* [Listed records]
*** Block opens ***
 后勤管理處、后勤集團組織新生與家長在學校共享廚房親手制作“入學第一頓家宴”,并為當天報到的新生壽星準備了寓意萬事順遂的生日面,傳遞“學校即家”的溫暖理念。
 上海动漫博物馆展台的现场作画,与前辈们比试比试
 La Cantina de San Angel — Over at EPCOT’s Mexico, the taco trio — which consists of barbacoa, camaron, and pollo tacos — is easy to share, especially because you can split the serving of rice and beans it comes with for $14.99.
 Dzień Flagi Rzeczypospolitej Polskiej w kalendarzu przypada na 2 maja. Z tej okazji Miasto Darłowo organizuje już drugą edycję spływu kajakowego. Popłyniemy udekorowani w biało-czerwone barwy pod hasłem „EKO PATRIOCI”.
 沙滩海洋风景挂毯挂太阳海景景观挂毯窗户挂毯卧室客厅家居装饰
*** Block closes ***
*** Block opens ***
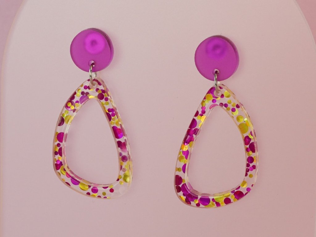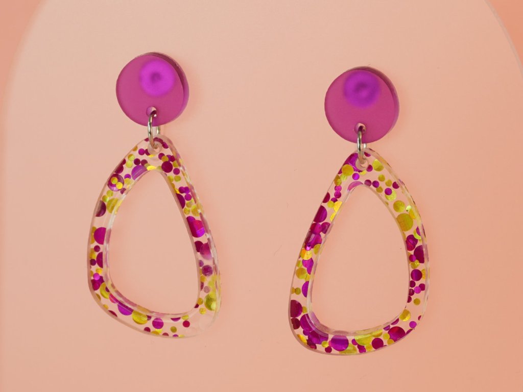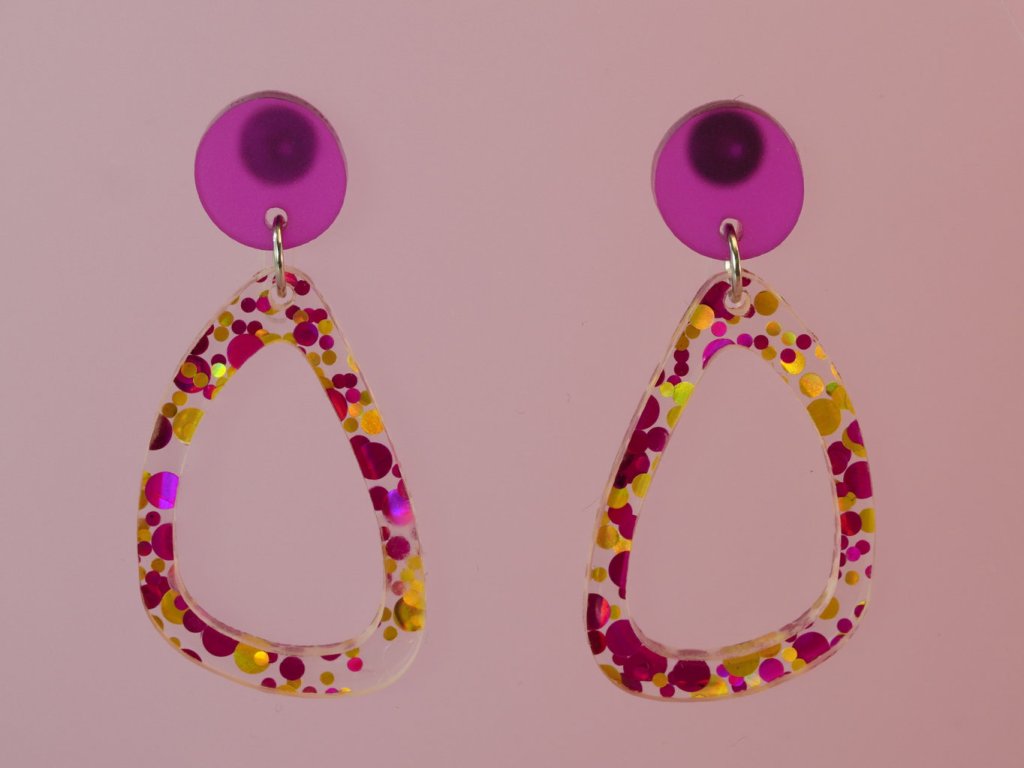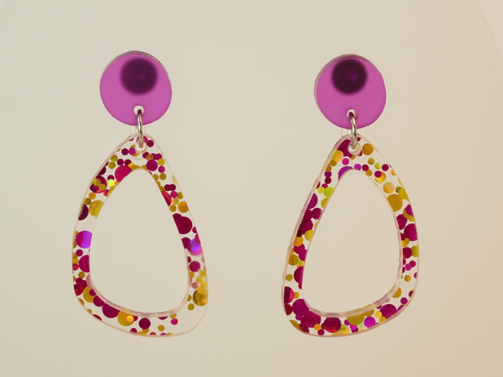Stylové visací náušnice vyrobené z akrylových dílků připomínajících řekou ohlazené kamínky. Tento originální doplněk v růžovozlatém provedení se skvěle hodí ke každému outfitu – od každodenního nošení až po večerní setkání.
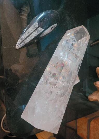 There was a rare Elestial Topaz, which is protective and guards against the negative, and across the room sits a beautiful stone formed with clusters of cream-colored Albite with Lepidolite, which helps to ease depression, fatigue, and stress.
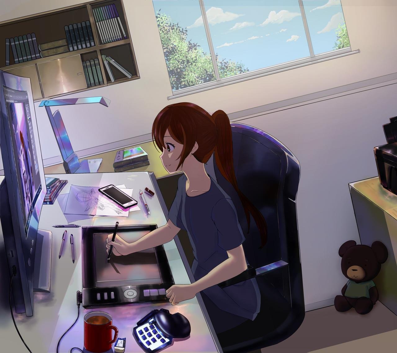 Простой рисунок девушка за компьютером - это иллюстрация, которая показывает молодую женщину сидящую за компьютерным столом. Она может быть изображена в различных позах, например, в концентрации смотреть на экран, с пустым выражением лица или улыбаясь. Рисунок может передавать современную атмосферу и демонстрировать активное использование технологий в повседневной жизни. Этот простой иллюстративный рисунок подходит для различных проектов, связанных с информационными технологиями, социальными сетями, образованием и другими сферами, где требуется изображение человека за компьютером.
*** Block closes ***
*** Block opens ***
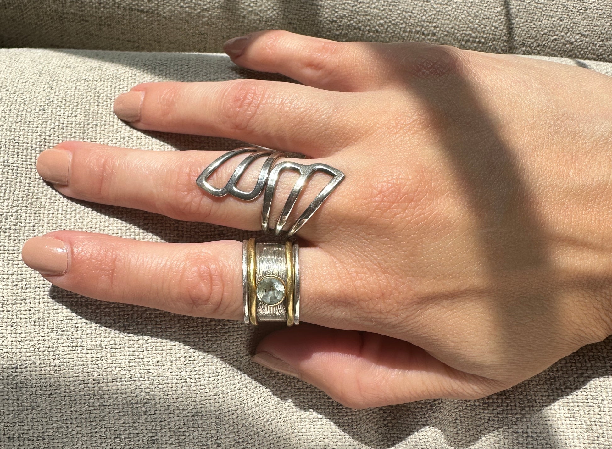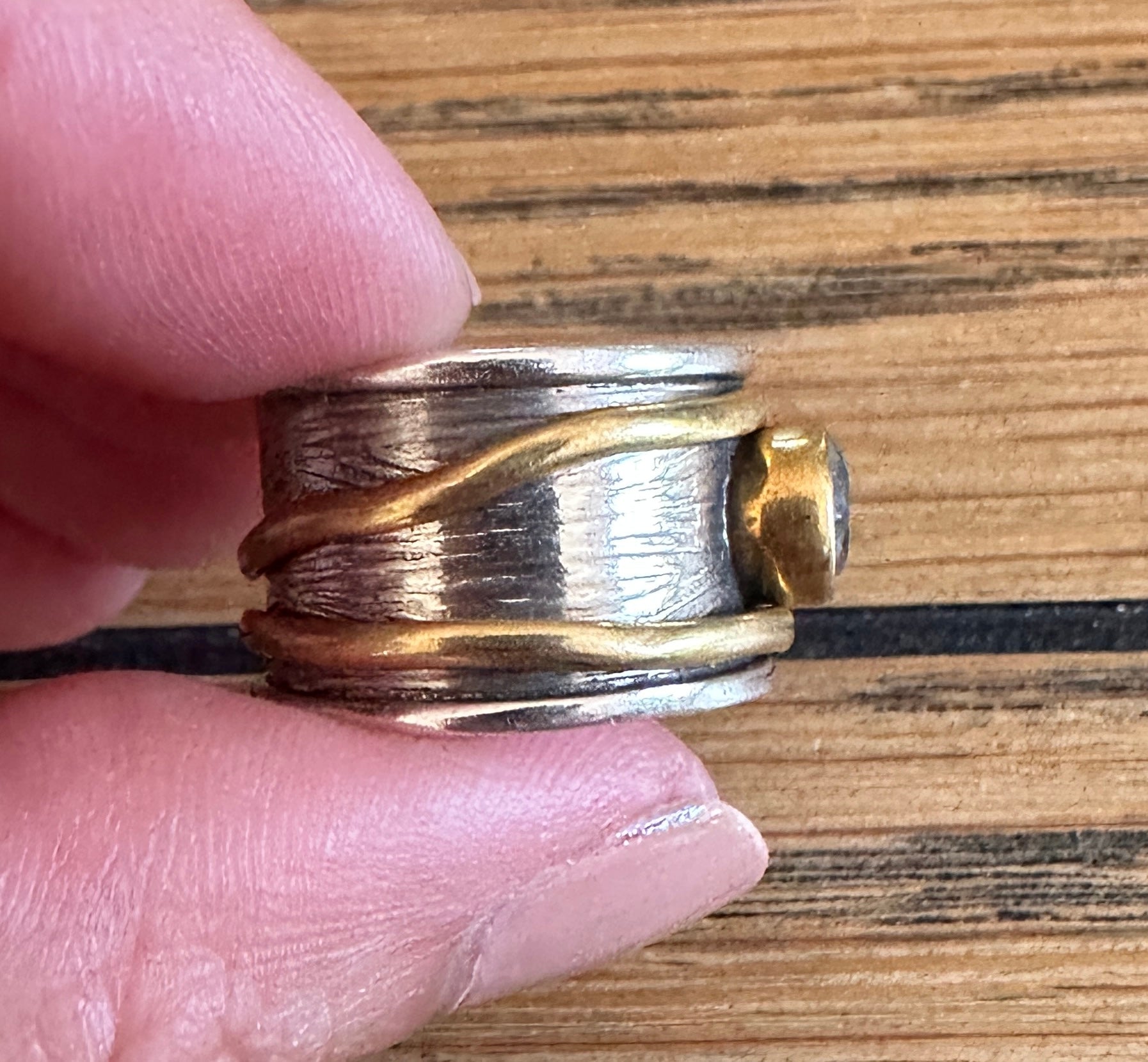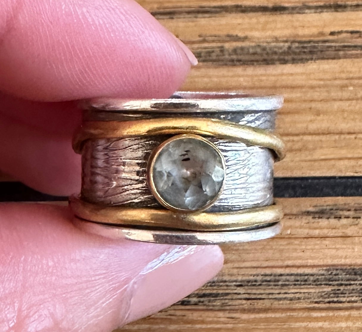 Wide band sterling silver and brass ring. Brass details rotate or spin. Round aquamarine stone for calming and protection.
*** Block closes ***
* [Work to be completed] Transcribe the lines above between the line holding "Dzień Flagi Rzeczypospolitej" and the line holding "沙滩海洋风景挂毯挂太阳海景景观挂毯窗户挂毯卧室客厅家居装饰", inclusive, exactly as they stand and with nothing added.

* [Answer to this problem]
 Dzień Flagi Rzeczypospolitej Polskiej w kalendarzu przypada na 2 maja. Z tej okazji Miasto Darłowo organizuje już drugą edycję spływu kajakowego. Popłyniemy udekorowani w biało-czerwone barwy pod hasłem „EKO PATRIOCI”.
 沙滩海洋风景挂毯挂太阳海景景观挂毯窗户挂毯卧室客厅家居装饰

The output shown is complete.